Images

Image of Moylisha (Portal Tomb) by ryaner

The gorse tends to spoil the view of this beautiful tomb a bit.

Image credit: ryaner
Image of Moylisha (Portal Tomb) by ryaner

Looking north-east across the court at Aghowle Upper (right) and, I guess, Aghowle lower.

Image credit: ryaner
Image of Moylisha (Portal Tomb) by ryaner

Moylisha wedge tomb, looking north-west from half way up a pine tree.

Image credit: ryaner

Articles

Moylisha

There’s a faint track marked on sheet 62 at the north end of Moylisha hill. To get to it you need to enter the white gate at the edge of the farm buildings and walk up to the fifth gate on your left. The farmer was more than happy to allow me up the track and offered directions.
Over the aforesaid 5th gate, walk through 2 fields in a south-east and upward direction and you will spot the site in the corner of the 2nd field by the pine plantation.
This is one of the best sites I’ve visited in Wicklow. It’s a pity that it’s not better looked after. The OPW sign was in bits on the ground. The tomb itself is now overgrown with bracken and gorse. Those negatives aside, the stones here are very well preserved and the layout very easy to see. It’s a pity that the roofstones are cast aside and left on the ground. A small bit of restoration here would not go amiss.

Folklore

Moylisha
Portal Tomb

The name of the monument is variously given as Lob-in-a-sigh, Leaba an Sidh; on the Ordnance Survey map it is recorded as Labbanasigha. O’Donovan says the monument was called “Leaba na Saighe (Lectus canis venatica) where it is supposed a famous huntsman of old interred a favourite greyhound bitch.” Perhaps it is not unreasonable to suggest in the light of the discovery of the javelin mould that the name may have some connection with the Irish word saighead (spearhead).

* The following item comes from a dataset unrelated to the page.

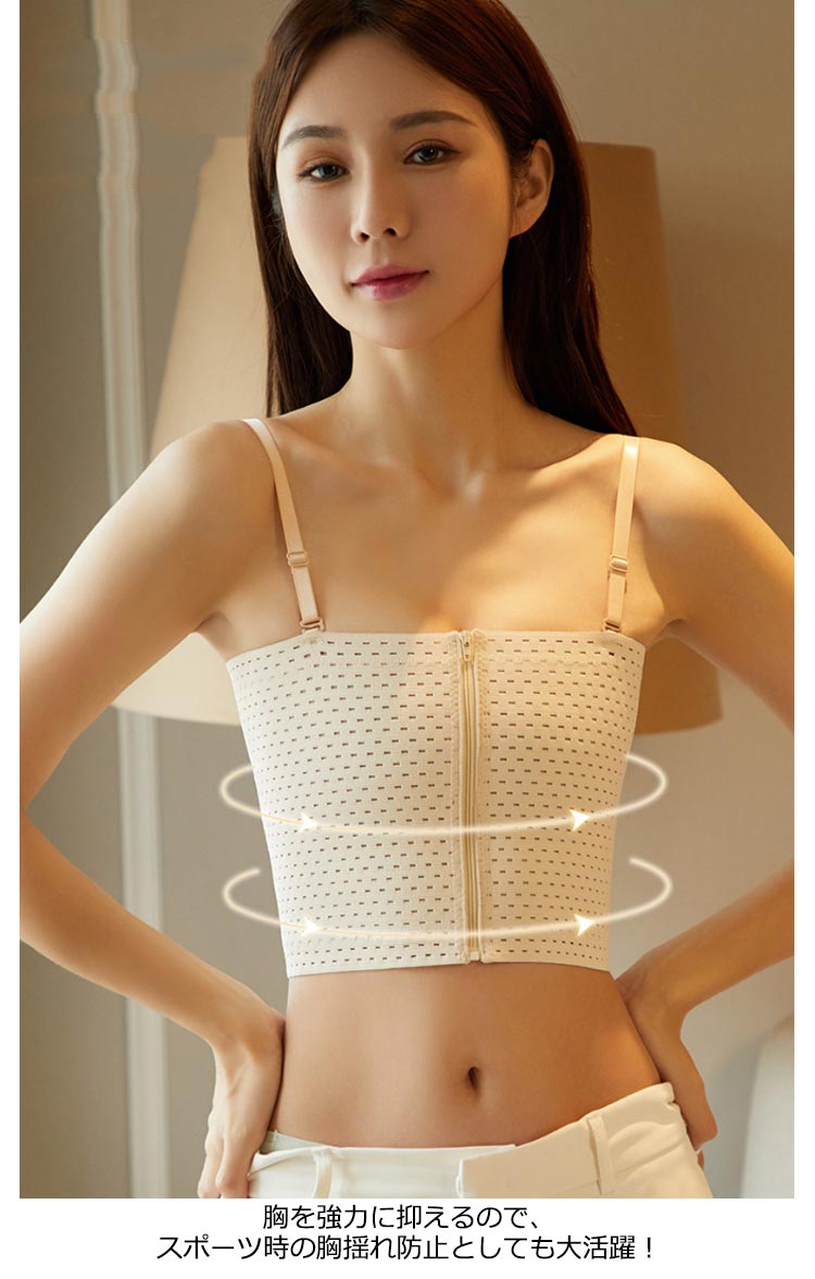 前チャックタイプなので、フック式より更に着脱が楽になります。着脱カンタン!前チャックタイプの胸つぶしシャツ・新登場!暑い夏場でも着こむ冬場でも通気性抜群で快適に着用頂けます♪胸を強力に抑えるので、スポーツ時の胸揺れ防止としても大活躍!
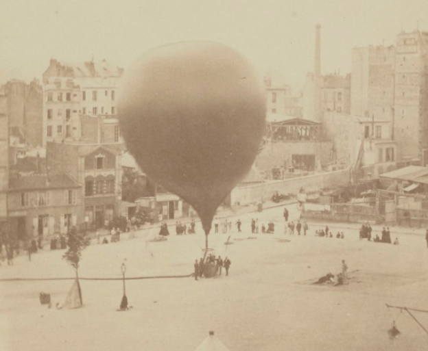 Il faudrait faire l’histoire des ballons de la Commune, ceux qui ont emporté des tracts, au travailleur des campagnes, Frère on te trompe, des proclamations, de la Commune, des francs-maçons… mais dont il semble qu’ils n’aient servi ni pour faire la guerre, ni même pour aider des communards à quitter Paris. Et d’ailleurs, 320 mètres cubes, c’est bien petit pour emporter des passagers. Par exemple, pour fixer les idées, le ballon le Neptune, parti le 23 septembre 1870 de la place Saint-Pierre (et que l’on voit en couverture de cet article) en faisait mille trois cents.

When the cairn was excavated, there were found two halves of a sandstone mould for a loop-socketed spear head, in the base of the cairn at the east end of the main chamber.

In ‘The Moylisha Megalith, Co. Wicklow’ by Gearóid Ó h-Iceadha, p119-128 in The Journal of the Royal Society of Antiquaries of Ireland Vol. 76, No. 3 (Oct., 1946).

There are many sites in Wales with ‘Filiast’ in their name: also meaning ‘Greyhound Bitch’. I think Leaba an Sidh would mean the bed of the fairies?